At the halfway point, I received a compelling offer from a friend and photographer, Tom Kubik, to do a photoshoot to commemorate the progress. This was one of the scariest and most liberating parts of the process where he actually experienced the roller coaster of emotions that I’ve felt for 9 months in a mere 2 hours. Some of this work actually received an award from the American Photographic Awards which definitely meant a lot to both of us on a deeper level.
Three months later, the countdown swap in the implants was finally over! We decided to name the new additions Thelma & Louise and I sent out an announcement, which luckily only confused 2 people who wrote back to congratulate me on my new family!…
On Thursday, May 23rd at approximately 7:45am, we welcomed Thelma & Louise into the world! With this announcement, I’m officially cancer free and the new girls (i.e. implants) are settling in nicely on the road to recovery.
Feeling grateful for ongoing lessons in self love, trading nights out for days in filled with meaningful quality time & building bonds that I didn’t think could be any stronger. In contrast, looking in the mirror and not quite recognizing parts of myself temporarily was one of the more challenging times, but…the worst is now over and will actually turn out to be an unplanned upgrade!
As I start to reintegrate, I’ve realized that I haven’t stopped in years (especially since moving to NY) and nothing besides this would have slowed me down. So, I’m thankful for the perspective and coming out even stronger and more deliberate on the other side.
As I begin to move on, I’m confident that this happened for a reason and want to turn my story into a positive one by sharing a few lessons with my fellow ladies.
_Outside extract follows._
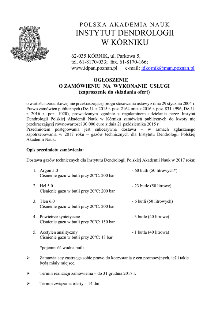POLSKA AKADEMIA NAUK INSTYTUT DENDROLOGII W KÓRNIKU 62-035 KÓRNIK, ul. Parkowa 5, tel. 61-8170-033; fax. 61-8170-166; www.idpan.poznan.pl e-mail: [email protected] OGŁOSZENIE O ZAMÓWIENIU NA WYKONANIE USŁUGI (zaproszenie do składania ofert) o wartości szacunkowej nie przekraczającej progu stosowania ustawy z dnia 29 stycznia 2004 r. Prawo zamówień publicznych (Dz. U. z 2015 r. poz. 2164 oraz z 2016 r. poz. 831 i 996, Dz. U. z 2016 r. poz. 1020), prowadzonym zgodnie z regulaminem udzielania przez Instytut Dendrologii Polskiej Akademii Nauk w Kórniku zamówień publicznych do kwoty nie przekraczającej równowartości 30 000 euro z dnia 21 października 2015 r. Przedmiotem postępowania jest sukcesywna dostawa – w ramach zgłaszanego zapotrzebowania w 2017 roku – gazów technicznych dla Instytutu Dendrologii Polskiej Akademii Nauk. Opis przedmiotu zamówienia: Dostawa gazów technicznych dla Instytutu Dendrologii Polskiej Akademii Nauk w 2017 roku: 1. Argon 5.0 Ciśnienie gazu w butli przy 20ºC: 200 bar - 60 butli (50 litrowych*) 2. Hel 5.0 Ciśnienie gazu w butli przy 20ºC: 200 bar - 23 butle (50 litrowe) 3. Tlen 6.0 Ciśnienie gazu w butli przy 20ºC: 200 bar - 6 butli (50 litrowych) 4. Powietrze syntetyczne Ciśnienie gazu w butli przy 20ºC: 150 bar - 3 butle (40 litrowe) 5. Acetylen analityczny Ciśnienie gazu w butli przy 20ºC: 18 bar - 1 butla (40 litrowa) *pojemność wodna butli Zamawiający zastrzega sobie prawo do korzystania z cen promocyjnych, jeśli takie będą miały miejsce. Termin realizacji zamówienia – do 31 grudnia 2017 r. Termin związania oferty – 14 dni. Oferty wg wzoru stanowiącego zał. nr 1. powinny zawierać proponowaną cenę na wszystkie elementy zamówienia ujęte w opisie. Przed podpisaniem umowy Wykonawca dostarczy oświadczenie, że nie podlega wykluczeniu na podstawie art. 22 i 24 przywołanej powyżej ustawy i wypis z odpowiedniego rejestru o działalności gospodarczej potwierdzony za zgodność z oryginałem. Cenę za wykonanie zamówienia Wykonawca określi w złotych z dokładnością do dwóch miejsc po przecinku na wszystkie elementy zamówienia. Zamawiający w celu ustalenia, czy oferta zawiera rażąco niską cenę w stosunku do przedmiotu zamówienia, może zwrócić się do wykonawcy o udzielenie w określonym terminie wyjaśnień dotyczących elementów oferty mających wpływ na wysokość ceny. Zastosowanie przez wykonawcę stawki podatku VAT od towarów i usług niezgodnego z przepisami ustawy o podatku od towarów i usług oraz podatku akcyzowego z 11.03.2004 r. (Dz. U. 04.54.535 z póź. zm.) spowoduje odrzucenie oferty. Cena powinna zawierać wszystkie koszty realizacji zamówienia razem z dostawą do siedziby Zamawiającego. Przedmiot zamówienia Cena jednostkowa gazu w zł służąca do porównania ofert (dla 1 butli) Cena rocznej dzierżawy 1 butli gazu w zł brutto Cena dostarczenia gazu do siedziby zamawiającego* Całkowity koszt dostarczenia butli (a+b+c) Termin dostawy (w godzinach) zł. brutto a zł brutto b zł brutto c zł brutto d e Argon 6.0 Hel 5.0 Tlen 6.0 Powietrze syntetyczne Acetylen analityczny Suma - *koszty transportu, opłata drogowa, ADR, inne koszty Maksymalny termin dostawy zaoferowany przez wykonawcę nie może być dłuższy niż 48 godziny. Oferta z dłuższym terminem zostanie odrzucona przez Zamawiającego. Jedynym kryterium wyboru oferty jest cena brutto. Za najkorzystniejszą ofertę uznana zostanie ważna oferta z najniższą ceną Z wykonawcą, którego oferta zostanie uznana za najkorzystniejszą zostanie podpisana umowa wg wzoru załącznika nr 2 do ogłoszenia (dotyczy zamówienia na kwotę powyżej 15000,00 zł. netto) lub zostanie wysłane pisemne zamówienie na dostawę (kwota poniżej 15000,00 zł. netto). Zamawiający zastrzega sobie prawo unieważnienia postępowania bez podania przyczyny. Od tej decyzji nie przysługują środki odwoławcze. Miejsce oraz termin składania i otwarcia ofert: oferty należy składać w zamkniętych kopertach z dopiskiem: „Oferta cenowa na dostawę gazów technicznych postępowanie nr 06/30000/2017 ” do 27 stycznia 2017 roku w sekretariacie nr pokoju 103 Instytutu do godz. 1500 lub przesłać pocztą elektroniczną na adres: [email protected] lub faksem. Wynik postępowania zostanie ogłoszony na stronie internetowej Zamawiającego: www.idpan.poznan.pl/bip. Osobą do kontaktu w sprawie zamówienia pod względem formalno-proceduralnym jest mgr Damian Maciejewski tel. 796 360 310; e-mail: [email protected] w godzinach od 730 do 1530. Załączniki: Nr 1 wzór oferty, Nr 2 wzór umowy Nr 3 wzór oświadczenia Dyrektor Instytutu prof. dr. hab. Jacek Oleksyn Kórnik, 24 stycznia 2017 r. Zał. nr 1 do ogłoszenia o zamówienie z 24.01.2017 r. Formularz oferty Nazwa oferenta: Adres: Telefon: E-mail: Przedstawiam swoją ofertę dotyczącą ogłoszenia o zamówieniu na dostawę gazów technicznych dla Instytutu Dendrologii Polskiej Akademii Nauk: Przedmiot zamówienia Cena jednostkowa gazu w zł służąca do porównania ofert Cena rocznej dzierżawy butli gazu w zł brutto Cena dostarczenia gazu do siedziby zamawiającego* Całkowity koszt dostarczenia butli (a+b+c) Termin dostawy (w godzinach) zł. brutto a zł brutto b zł brutto c zł brutto d e Argon 6.0 Hel 5.0 Tlen 6.0 Powietrze syntetyczne Acetylen analityczny - Suma Data: Podpis oferenta Zał. nr 2 do ogłoszenia o zamówienie z 24.01.2017 r. Wzór Umowa dostawy nr …../2017 zawarta w Kórniku dnia ………….2017 roku pomiędzy: Instytutem Dendrologii Polskiej Akademii Nauk mającym siedzibę przy ulicy Parkowej 5, 62-035 Kórnik, reprezentowanym przez: …………………………………………. zwanym w dalszej treści umowy ZAMAWIAJĄCYM a …………………………………………………..zwanym dalej w tekście DOSTAWCĄ reprezentowanym przez …………………………………………………. o następującej treści: Wobec wyboru DOSTAWCY przez ZAMAWIAJĄCE

Here is a quick one… please promise to make your health your first (if not your second) job! Doing this was the entire plot of my story.
So many of you run companies, teams & families and have confessed that you’re afraid to actually get tested, so, you’ve avoided it all together. I’m 1 of 2 things, lucky or smart (or maybe both :)…thanks). I’m also proof that timing is everything, so, please continue to post the dates of your appointments when you make them! Lastly, for all you bosses of every kind, you’ll need to be your own advocate, push/negotiate for the earliest appointments, network for the top doctors and be just as relentless as you are in other areas of your life. Thanks again for your nonstop support, this journey has also created a sense of urgency in following my dreams too, more to come there! Love to all, can’t wait to see you soon! xoxo
In honor of breast cancer awareness month and in an effort to make the conversation more approachable, I’m launching an initiative… mammosas.com where women can “invite a friend” to grab a mimosa and a mammogram together! Please watch over your sisters, daughters, wives, friends, cousins & encourage them to get tested!